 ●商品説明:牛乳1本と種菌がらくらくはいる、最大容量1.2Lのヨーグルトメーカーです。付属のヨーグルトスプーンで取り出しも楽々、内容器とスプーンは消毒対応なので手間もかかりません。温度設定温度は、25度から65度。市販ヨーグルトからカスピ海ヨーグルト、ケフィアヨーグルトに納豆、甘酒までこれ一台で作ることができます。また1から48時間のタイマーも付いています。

_____

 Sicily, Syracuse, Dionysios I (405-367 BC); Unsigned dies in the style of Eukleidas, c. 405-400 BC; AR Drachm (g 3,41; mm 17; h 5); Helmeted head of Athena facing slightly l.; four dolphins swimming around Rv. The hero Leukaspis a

_____

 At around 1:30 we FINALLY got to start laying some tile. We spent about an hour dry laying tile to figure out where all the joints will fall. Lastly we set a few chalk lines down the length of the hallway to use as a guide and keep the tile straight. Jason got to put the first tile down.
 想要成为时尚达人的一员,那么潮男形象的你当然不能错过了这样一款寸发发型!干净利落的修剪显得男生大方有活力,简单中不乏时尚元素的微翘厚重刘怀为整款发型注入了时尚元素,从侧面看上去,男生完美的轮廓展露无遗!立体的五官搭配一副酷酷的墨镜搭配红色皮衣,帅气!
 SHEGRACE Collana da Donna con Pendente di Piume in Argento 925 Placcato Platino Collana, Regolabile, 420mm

_____

■ What needs to be done
The word "around" occurs on certain lines of the material; count those lines and respond with the number only.

■ Finished exercise
2